It was just a joke. People joke that there are only two ways to change Bulgaria. Terminal one and terminal two. That’s where I got the idea from. There have been three waves of mass emigration. The first was after the changes in 1989. The second was in 1999-2000. That’s when my mother went to France. And now in the last 2 years, another wave has been developing.
If these people come back, do you think they will change things?
There are two models. The first group was the young people who came with the Tsar’s party with some western knowledge. They promoted themselves as young qualified Bulgarians coming to help. Then there was the other Bulgarians who came back and were just disappointed. Either way, I don’t see outside people coming back and changing things.
You’re still here. Why didn’t you go to Terminal One or Terminal Two?
I’ve been there. And I came back. I’m party of this second group of disappointed people.
You could leave again.
I came back for personal reasons. And then I just stayed. Inertia. But the prospect of emigration is always valid.
There’s no positive reason for you to stay?
Maybe something will change and I can help. It’s a minor possibility — nearing zero in probability!
What is your feeling about the prospects of the new Left here in Bulgaria?

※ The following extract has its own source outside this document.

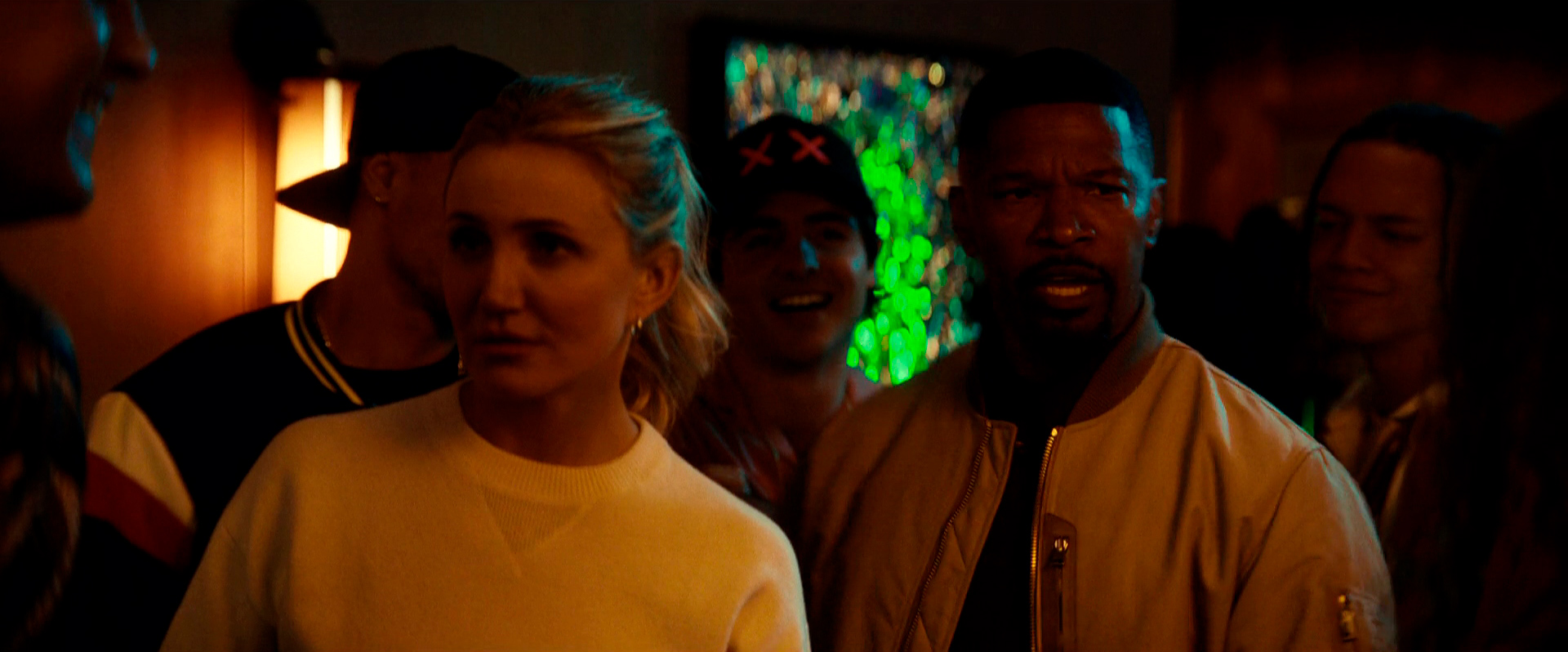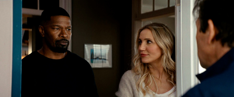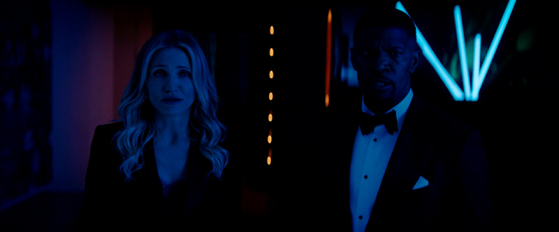 Кэмерон Диас явно с удовольствием снимается в этом боевичке, в свои пятьдесят два года демонстрирует отличную физическую форму, и мы с Бубликом счастливы сказать, что ее лицо не превратилось в обколотую ботоксом застывшую маску, что наблюдается у некоторых других актрис (мы не будем указывать на Николь Кидман и Сандру Буллок). Так что у Кэмерон все нормально с мимикой, и она на пару с Джейми Фоксом и юморит вовсю, и отвешивает крупных люлей всяким негодяйским мужчинам, говорящим на каком-то явно славянском языке, который мы с Бубликом не смогли идентифицировать.

The new Left has a hard time and will continue to have a hard time because of this perception that it’s associated with the past. It’s very hard for the new Left to introduce any perspectives. I hope this is not the case but the traditional Left in the form of the BSP may try to coopt this movement.
Some people have told me that 15-20 percent of the population supports Ataka policies even if its vote count fluctuates. There’s an even larger number that supports a softer extreme nationalism. What do you think?
I think that the core supporters of these extreme nationalists are really marginal. But as you said, the support for this soft nationalism is much larger. What concerns me is that not many politicians or other people address the problems that these supporters of soft nationalism are worried about. It’s a mistake to leave these problems to nationalist parties and organizations. Whether it’s the new Left or the organized parties, someone has to address these concerns or these people will turn to rightwing parties. But I don’t see this happening.